*To do:* Starting at the first line of the listing below, repeat each line exactly until you have repeated the one containing "NWT Peacock Ways"; skip the pictures.

*Supplied information:*

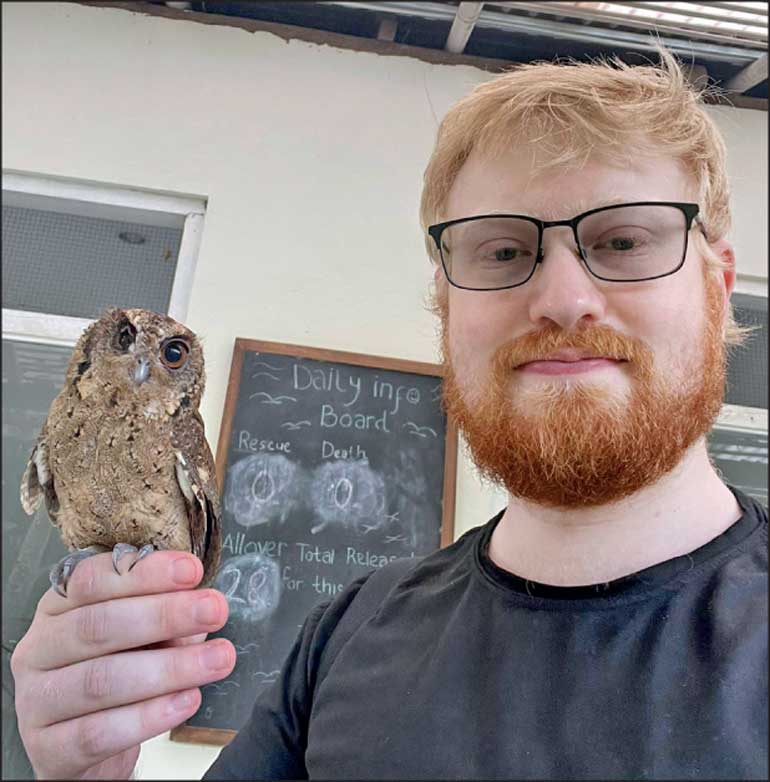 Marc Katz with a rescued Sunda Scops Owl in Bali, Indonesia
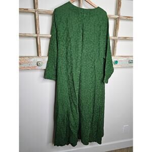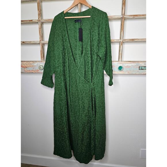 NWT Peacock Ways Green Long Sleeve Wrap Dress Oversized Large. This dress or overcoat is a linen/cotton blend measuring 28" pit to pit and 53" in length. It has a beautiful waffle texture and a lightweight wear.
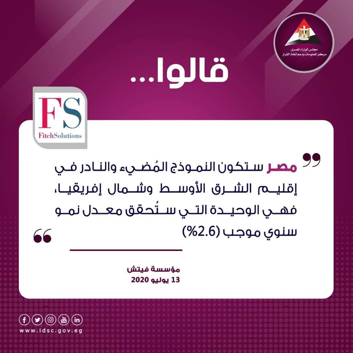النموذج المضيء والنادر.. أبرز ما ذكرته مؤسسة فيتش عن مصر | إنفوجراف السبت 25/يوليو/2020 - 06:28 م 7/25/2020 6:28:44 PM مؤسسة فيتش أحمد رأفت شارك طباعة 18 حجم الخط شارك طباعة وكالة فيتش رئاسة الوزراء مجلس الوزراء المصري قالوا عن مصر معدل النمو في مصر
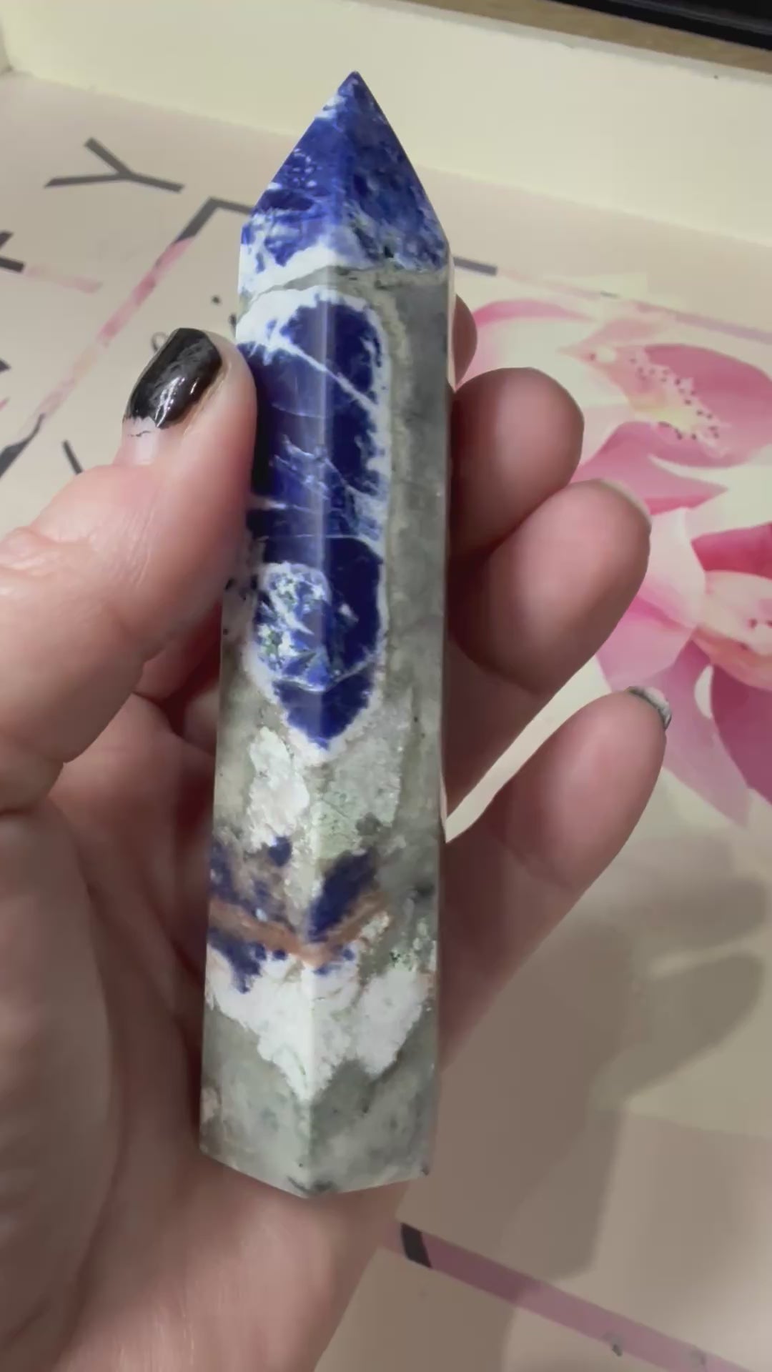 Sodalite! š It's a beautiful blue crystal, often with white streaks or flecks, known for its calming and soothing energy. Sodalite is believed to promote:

*Solution:*
 Marc Katz with a rescued Sunda Scops Owl in Bali, Indonesia
 NWT Peacock Ways Green Long Sleeve Wrap Dress Oversized Large. This dress or overcoat is a linen/cotton blend measuring 28" pit to pit and 53" in length. It has a beautiful waffle texture and a lightweight wear.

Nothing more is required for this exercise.